Calculates a comprehensive set of statistics for numeric data in the pipeline.

Signature: finalVariance(?callable $castFunc = null, ?RunningVariance $variance = null): RunningVariance

  • $castFunc: A function to convert pipeline values to floats. Defaults to floatval. Return null to skip non-numeric values.
  • $variance: An optional, pre-initialized RunningVariance object to continue calculations from.

Behavior:

  • This is a terminal operation that returns a RunningVariance object.
  • The RunningVariance object contains methods to get the mean, variance, standard deviation, min, max, and count.
  • Values that the $castFunc returns as null are not included in the statistics.

Examples:

use Pipeline\Helper\RunningVariance;

// Basic statistics
$stats = take([1, 2, 3, 4, 5])->finalVariance();
echo $stats->getCount();              // 5
echo $stats->getMean();               // 3.0
echo $stats->getVariance();           // 2.5
echo $stats->getStandardDeviation();  // ~1.58
echo $stats->getMin();                // 1.0
echo $stats->getMax();                // 5.0

// Statistics for a specific field
$stats = take($users)->finalVariance(fn($user) => $user['age']);

// Handling mixed data (skip non-numeric values)
$stats = take(['1', 'abc', 2, null, 3.5])
    ->finalVariance(fn($x) => is_numeric($x) ? (float)$x : null);
echo $stats->getCount(); // 3 (only numeric values counted)

// Continuing from existing statistics
$initialStats = take($firstBatch)->finalVariance();
$combinedStats = take($secondBatch)->finalVariance(null, $initialStats);

runningVariance()

Observes values as they pass through the pipeline, calculating statistics without consuming the pipeline.

Signature: runningVariance(?RunningVariance &$variance, ?callable $castFunc = null): self

  • &$variance: A reference to a RunningVariance object, which will be updated with the statistics.
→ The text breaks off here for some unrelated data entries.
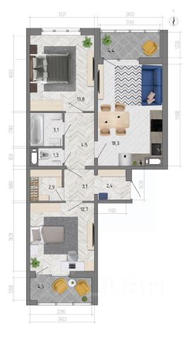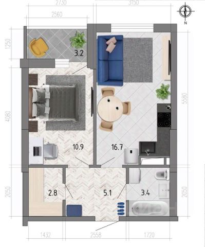 • Состояние: Квартира в хорошем состоянии, требует минимальных вложений для начала эксплуатации.
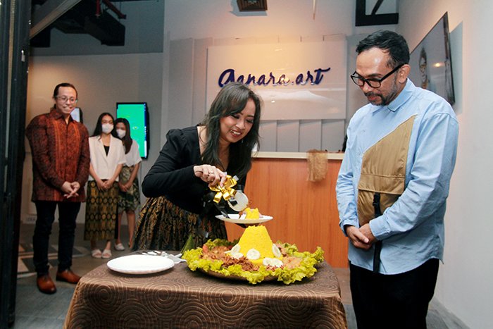 SinarHarapan.id – Founderi Ganara Art, Tita Djumaryo bersama Co-Founder Ganara Art Ranald Indra dan General Manajer Marketing Plaza Indonesia Zamri Mamat saat pembukaan Ganara Art di Plaza Indonesia, Selasa (14/3/2023). Dengan tema Modern Luxury Indonesian “Explore Indonesian Archipelago with a Touch of Arts”. Studio di Plaza Indonesia ini merupakan art space terluas yakni 1200 m2 dengan berbagai fasilitas yang bertujuan menawarkan pengalaman holistik dalam mengekspresikan diri lewat seni. Foto: SHID/Ruht Semiono
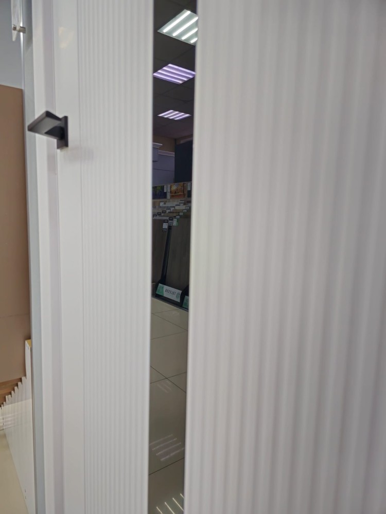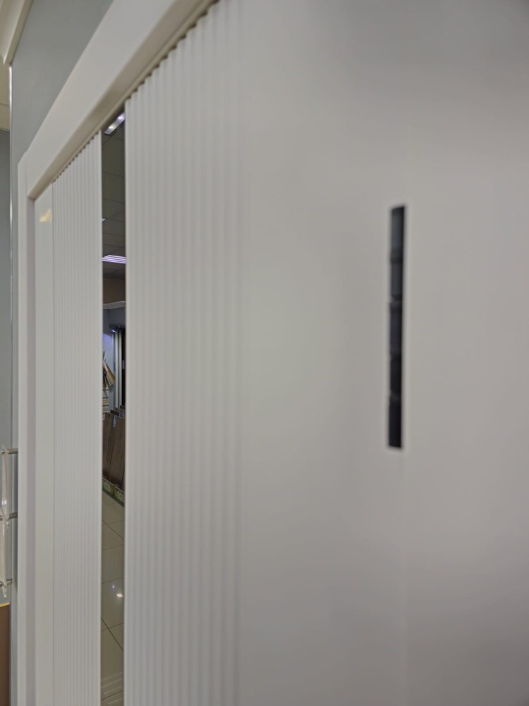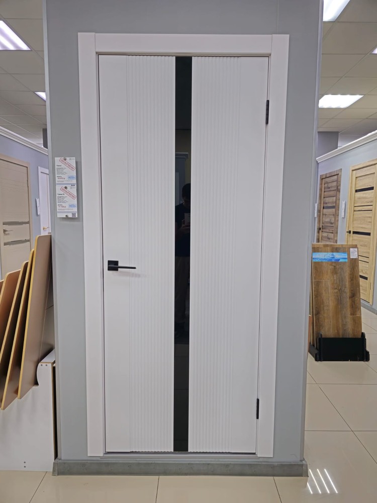 Конструктив:Каркасное (щитовое) полотно, толщиной 36мм. Каркас выполнен из комбинированного материала (МДФ+массив) и обшит МДФ панелями высокой плотности. Для увеличения прочности конструкции применяются горизонтальные ребра жесткости и элементы усиления каркаса.Покрытие: Изюминка данной модели - сочетание белой бархотной пленки, вертикальной фрезировки и вставки черного стекла.
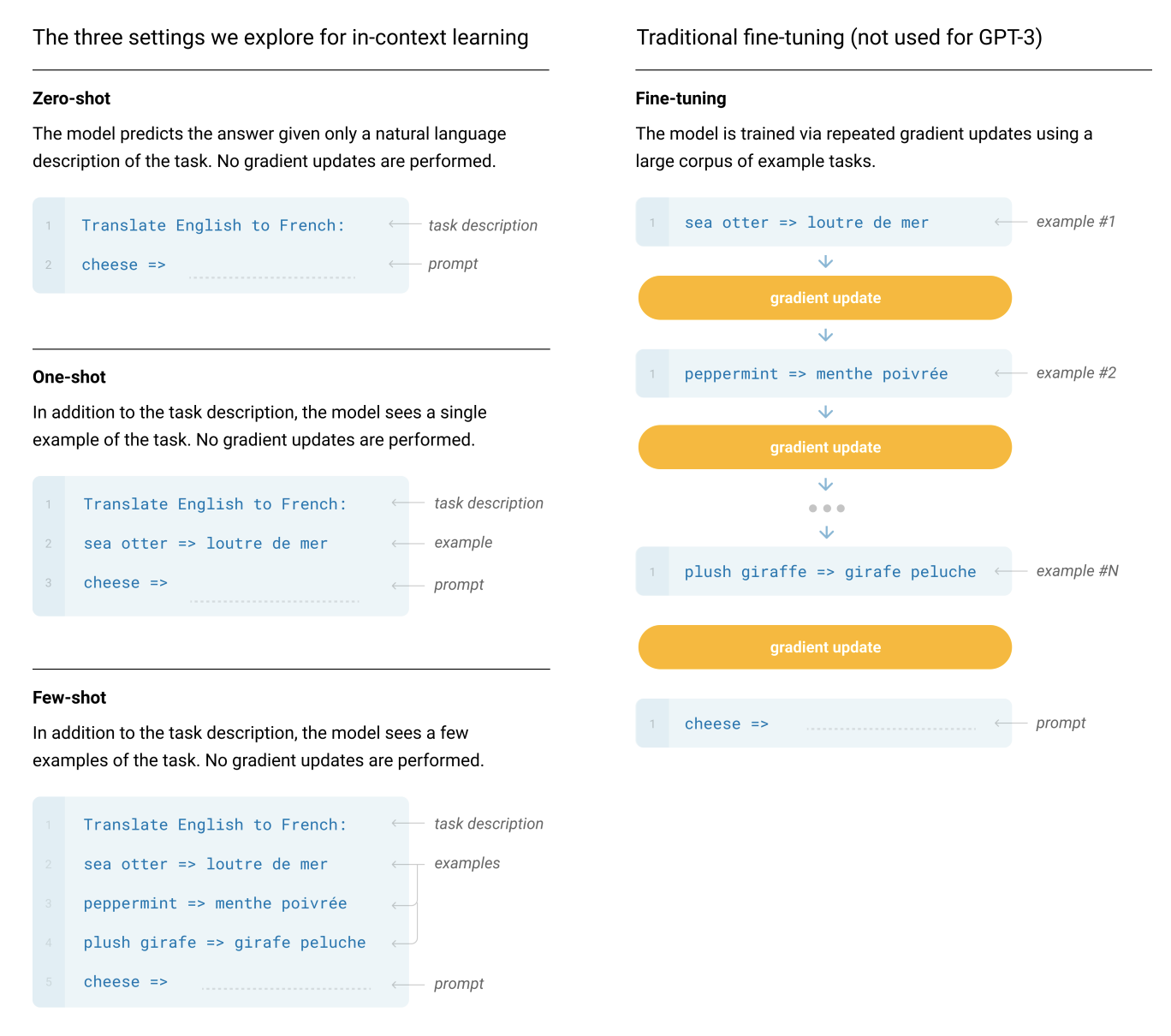 2020년 OpenAI는 이전 언어 모델보다 10배 많은 1,750억 개의 파라미터를 갖춘 생성 언어 모델인 GPT-3를 발표하고 NLP 벤치마크에서 그 성능을 공개했습니다. 하지만 단순히 규모만 업그레이드한 것이 아닙니다. GPT-3는 텍스트 상호 작용만으로 작업을 처리할 수 있는 향상된 기능을 보여주었습니다. 이러한 작업에는 제로 샷, 원샷, 소수 샷 학습이 포함되며, 모델에 작업 정의 및/또는 몇 가지 예제가 주어지고 추가 교육 없이 작업을 수행해야 합니다. 즉, 파인 튜닝이 사용되지 않습니다. 마치 사람이 간단한 명령어의 몇 가지 예제만 보고 새로운 언어 작업을 수행하는 것과 같습니다. 하지만 어떤 경우에는 GPT-3의 성능이 SOTA(최첨단) 원튜닝 시스템의 성능과 거의 일치하기도 합니다.
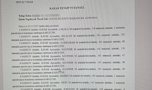 Mahkeme, 02 Aralık 2025 tarihli talep doğrultusunda Kavak'ın Çakallı, Belalan, Çarıkbaşı, Bayındır, Demirci, Mert ve Karadağ mahallelerinde bulunan ada ve parsel numaraları belirtilen gayrimenkullere haciz konulmasını kabul etti. Kararda, toplam 10 taşınmaz hakkında haciz talebinin yerinde bulunduğu ifade edildi.
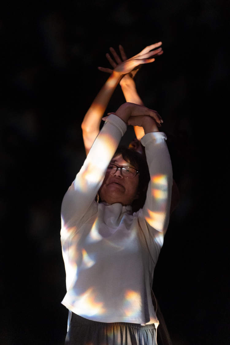 即便,前一天我们围绕这部即将于11月在上海首演的诗歌舞蹈剧场进行了超过一个小时的对话,还看过了许多她在排练和内部试演时的视频画面;但真正看到她站到舞台中央,那份好奇更加强烈:跳舞的余秀华,在想什么?
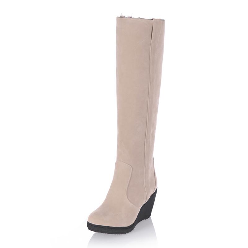 Мода 34-43 Зимние Меховые Сапоги Женские Высокие Каблуки Платформа До Колена Снежные Сапоги Женские Теплые Меховые Туфли на Танкетке Женские
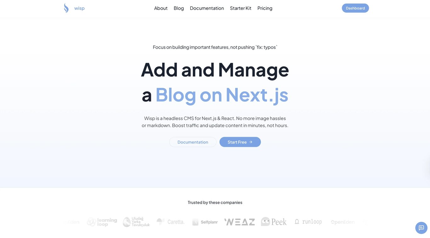 Overview: Wisp is a headless CMS purpose-built for adding a blog to Next.js and React sites. It solves the specific pain point many developers face: managing blog content without constant engineering tickets, allowing teams to ship content faster.
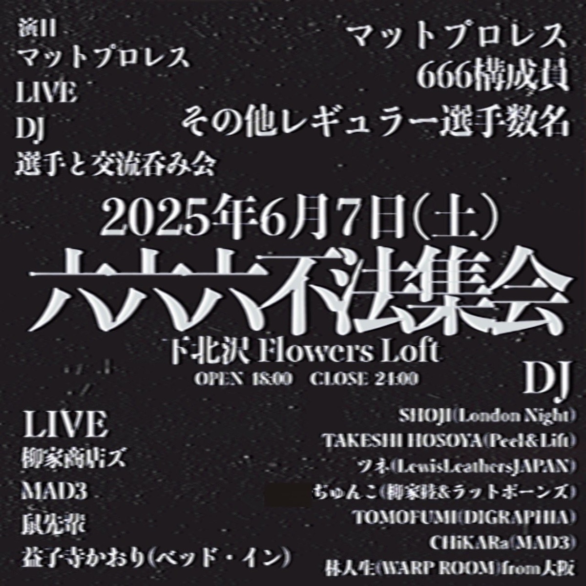 演目:マットプロレス / 音楽ライブ / DJ / 後楽園ホール出場選手と交流呑み会

It will be created if null.
  • $castFunc: A function to convert pipeline values to floats.

Behavior:

  • This is a non-terminal operation that allows you to inspect statistics at a point in the chain.

Examples:

$stats = null;
$processedData = take([1, 2, 3, 4, 5])
    ->runningVariance($stats)
    ->map(fn($x) => $x * 2)
    ->toList();

echo $stats->getMean(); // 3.0

RunningVariance Helper Class

The Pipeline\Helper\RunningVariance class provides a powerful way to work with statistics. It uses Welford's online algorithm to calculate variance and other metrics in a single pass, which is highly efficient.
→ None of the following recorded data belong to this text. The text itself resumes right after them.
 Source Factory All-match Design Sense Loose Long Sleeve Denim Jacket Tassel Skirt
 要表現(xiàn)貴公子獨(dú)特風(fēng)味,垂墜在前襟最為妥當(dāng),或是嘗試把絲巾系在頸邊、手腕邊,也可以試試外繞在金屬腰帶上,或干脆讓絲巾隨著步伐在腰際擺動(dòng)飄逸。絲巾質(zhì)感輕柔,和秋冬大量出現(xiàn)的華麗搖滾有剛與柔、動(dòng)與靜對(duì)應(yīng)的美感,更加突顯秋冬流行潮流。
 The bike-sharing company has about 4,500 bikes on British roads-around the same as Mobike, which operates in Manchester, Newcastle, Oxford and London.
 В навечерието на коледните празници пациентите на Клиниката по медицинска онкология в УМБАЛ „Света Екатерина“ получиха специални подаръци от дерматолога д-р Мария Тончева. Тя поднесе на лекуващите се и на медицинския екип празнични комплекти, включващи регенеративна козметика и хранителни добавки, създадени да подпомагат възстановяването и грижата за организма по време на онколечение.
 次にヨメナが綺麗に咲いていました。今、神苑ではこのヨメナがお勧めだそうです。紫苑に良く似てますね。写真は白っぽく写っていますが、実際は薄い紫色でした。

Key RunningVariance Methods

  • getCount(): int: The number of observations.
  • getMean(): float: The arithmetic mean.
  • getVariance(): float: The sample variance.
  • getStandardDeviation(): float: The sample standard deviation.
  • getMin(): float: The minimum value.
  • getMax(): float: The maximum value.

Merging Statistics

You can merge RunningVariance instances, which is useful for parallel processing or combining historical and current data.

// Merge stats from two different sources
$stats1 = take($source1)->finalVariance();
$stats2 = take($source2)->finalVariance();

$combinedStats = new RunningVariance($stats1, $stats2);